Lichte Wälder sind bei uns selten geworden. Dies ist ein Grund, wieso nur noch wenige Auerhühner in der Schweiz leben. Ein anderer Grund sind Störungen: Das Auerhuhn reagiert mit Stress, wenn es durch den Menschen gestört wird. Skifahrer, die abseits der Piste durch den Wald fahren, oder Pilz- und Beerensammler und Mountainbiker scheuchen die Tiere auf. Auf der Flucht verlieren sie viel Energie, was sie schwächt, oder sie werden leichter zur Beute von Raubtieren.
Rettungsschirm für Arten, die es hell mögen
Für den Aktionsplan Auerhuhn wurden viele Forschungsergebnisse verwendet. In diesem Plan steht, wie die Bergwälder gepflegt werden sollen und wie man die Tiere vor Störungen schützt. Nun überwachen Forscher und Naturschützer, ob diese Massnahmen richtig umgesetzt werden und ob sich dadurch die Zahl der Vögel erhöht. Dazu ist Kurt Bollmann heute unterwegs in Amden und sucht nach Spuren des grossen Vogels.

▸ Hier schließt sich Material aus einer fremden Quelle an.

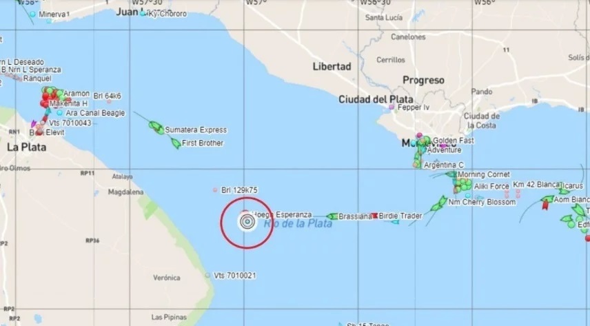 Se trató del buque gasero Hoegh Esperanza, con bandera de Noruega, un carguero de gas metano que después de más de 24 horas fue removido en la zona del Codillo en el canal Punta Indio, un canal artificial dragado en el río de la Plata, un punto geográfico clave para el comercio exterior. Mientras tanto, las embarcaciones de entrada y salida amontonaron frente a Buenos Aires, a la espera de la resolución del bloqueo.
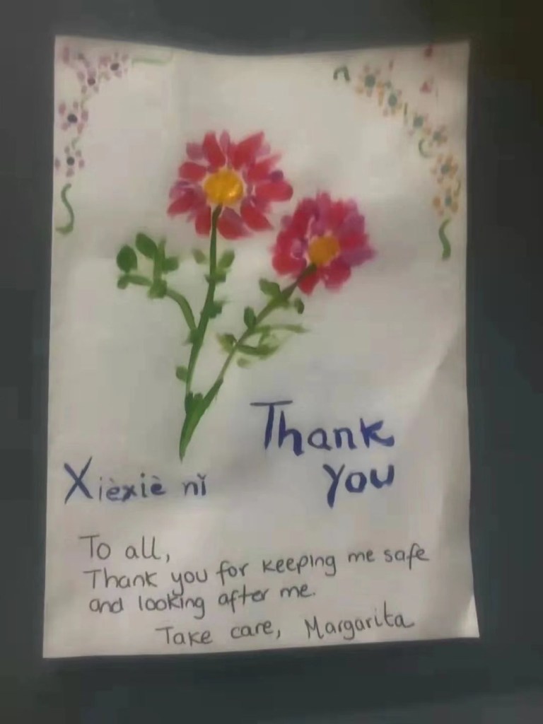 En dépit de ces cas difficiles, Peng et Lin ont aussi de belles et chaleureuses expériences dans l’hôtel ; bien des résidents ont été très reconnaissants pour leur service et leur ont écrit des cartes de remerciement (qui ont été immédiatement plongées dans une solution désinfectante) et ont posé pour des selfies au moment de leur départ.

Doch wieso schützt man gerade diese Tierart in den Bergwäldern? «Das Auerhuhn ist, was Wissenschafter eine Schirmart nennen: Wenn es sich wohlfühlt, dann geht es auch anderen Vogel- und Pflanzenarten gut, die lichte Bergwälder brauchen», erklärt Kurt Bollmann. So oder so wäre es schade, wenn dieser prächtige Vogel aus unseren Bergwäldern verschwinden würde, auch wenn man ihn – so wie Kurt Bollmann heute – nur selten zu sehen bekommt. Er ist Teil unserer Biodiversität, der Vielfalt an Tieren, Pflanzen und Lebensräumen.
An der WSL …
… untersuchen Forschende derzeit, wo das Auerhuhn in den Schweizer Alpen vorkommen könnte und wie sich der Klimawandel auf den Lebensraum des Auerhuhns auswirkt. Sie prüfen auch, ob sich Schutzmassnahmen positiv auf den Populationsbestand auswirken.